1. Asian banks are moving aggressively to offer new cloud solutions, creating proactive and personalized customer
experiences by establishing essential infrastructure and services in the Asia-Pacific region in Japan and Singapore.
Oracle’s Enhanced Customer Data Centers in Asia
2013 will bring more movement for data centers as hardware vendors work to round out their converged data
center offerings via continued M&A activity. “We are dedicated to simplifying IT, so customers can focus on
driving business innovation,” said Oracle President Mark Hurd. More than 25 million users and more than 10,000
organizations use Oracle Cloud worldwide each day.
Worldwide revenues from cloud infrastructure services reached US$12.5 billion in Q4 2012 and US$47.2 billion
for the full year. Synergy data showed regional spending on IaaS and PaaS passed the US$1 billion mark in 2012,
having grown by 55 percent from 2011. Oracle’s shares plunged nearly 10 percent on March 21 after its fiscal Q3
results released late the day earlier missed Wall Street expectations and company outlook.

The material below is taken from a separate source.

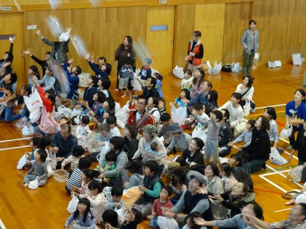 締めくくりに行われた恒例の「もち・菓子投げ」で盛り上がりは最高潮に達し、集まった人たちは袋一杯のお餅やお菓子を手に笑顔で会場を後にしました。

IBD reported that Oracle
executives mostly blamed poor sales execution for the miss. The industry as a whole closed the day up 0.1 percent
on April 8. By the end of trading, Oracle Corporation rose 33 cents (1 percent) to $32.36 on light volume. The stock
ranges in price between $31.90 and $32.36.

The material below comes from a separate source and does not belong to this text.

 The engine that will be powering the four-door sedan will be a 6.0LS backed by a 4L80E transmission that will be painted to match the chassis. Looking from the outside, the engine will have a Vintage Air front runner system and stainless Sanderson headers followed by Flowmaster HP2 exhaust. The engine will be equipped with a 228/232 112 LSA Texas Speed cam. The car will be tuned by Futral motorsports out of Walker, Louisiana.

Banks direct relationships are accurate to better understand their customers through big data. Even more so that
they are typically more advanced vs other industry sectors. Good Innovation Models can come about in analyzing
customer experience, customer behavior; which for a bank can reach across millions of their direct consumers
through its channels of Mobile banking, ATMs, call centers, corporate websites and retail branches. This all has
the ability to detect triggers in internal problem areas for banks which there analytics can lead to new model
implementations, customer profitability.
Investors should also continue to watch evolving trends and big data growth returns of a company’s new products
and technologies. There are also huge opportunities in re-writing client-server applications to run on cloud stacks
and, in building and managing, a new class of smaller, cloud-compatible data centers.